Has anyone here used one of the Pressure testing plates that one of the vendors sells. Part # T3000-X Any idea if the rubber coating holds up on them? If you do not want to post here, PM me. I am looking to get one. Thanks, Dan
Dan a lower cost way is to just use a 1/4" thick sheet of rubber type material. Punch out the bolt holes and use the head to hold on. The plate for the gauge and hose connection can be made out of 3/16 plate material and mounted to the water inlet.
We have one at the shop made for Model A's, it's been in use for a number of years.
You are only working with a few LBs of air anyway. For looking for cracks in the cylinders, turn the block on it's top or side.
No one here has one of these?
What is a "pressure testing plate"? Are we talking about a compression guage for testing cylinder compression?

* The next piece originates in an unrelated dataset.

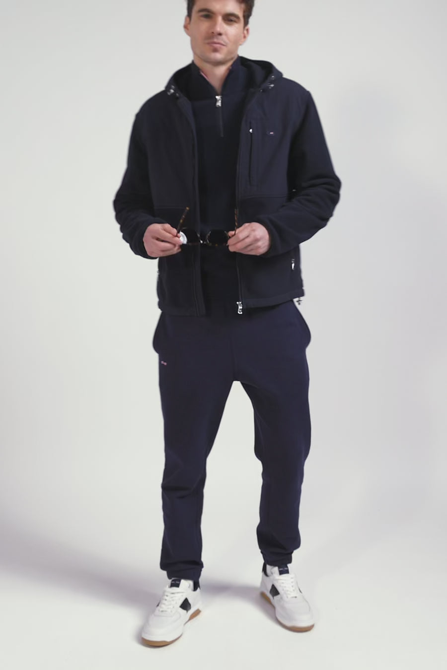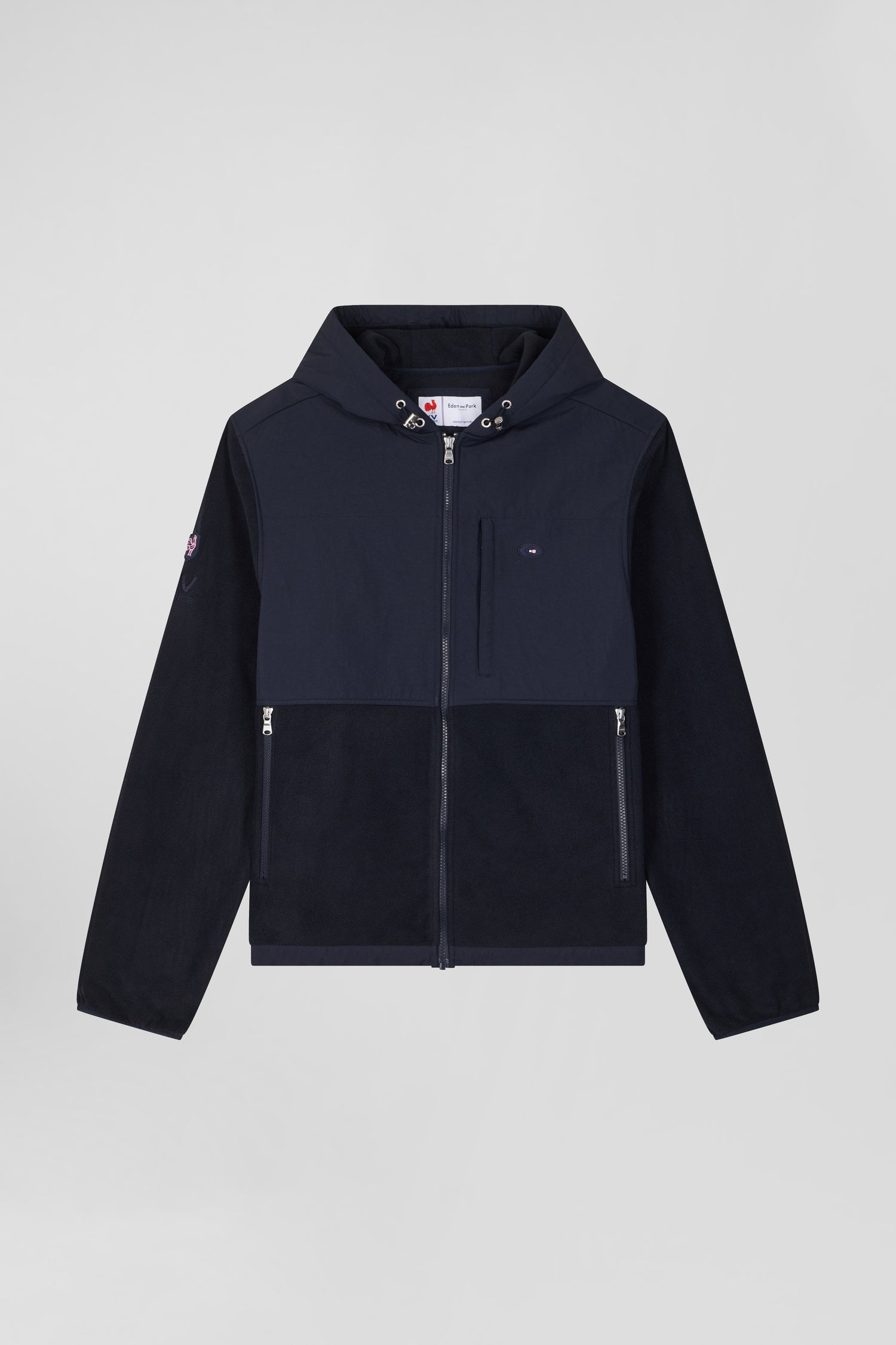 This navy blue sweatshirt with straight zip and integrated hood can be worn as a sweatshirt or a mid-season jacket. Zip pocket details add practicality and structure to this masculine two-tone sweatshirt. Contrast piping and sleeve embellishments underline the care we take with every detail of our wardrobe.

O.K.....I'm just a little bit more "dense" than usual this morning I guess. In re-reading and considering Mark's post, it sounds like a device to pressure test the engine block for water jacket cracks and such in the engine block,....sorry,.....harold
I made my own
Here is link to the tool in question.
Andy: I was wondering how the rubber coating would hold up on these. What do you use to seal the plate? Did you put cut outs for the valves like this one? Thanks, Dan
I have one for A's and one for T's. I use both extensively and will never have another block magnafluxed. I have had blocks checked with magnaflux that showed cracks that turned out to be scratches under pressure. If a block don't show a leak at 40# pressure it won't leak.
I also use mine with a vaccuum pump to make small repairs on blocks that have small exterior cracks.
I have cutouts for the valves and pistons, but I generally just have a bare block anyways. I use a head gasket. I don't know how much air I use, don't have a gauge in line. Too much will pop the frost plugs. I pressurize it and spray the block down with soapy water and look for any bubbles, hasn't failed me in last 12 or so rebuilds.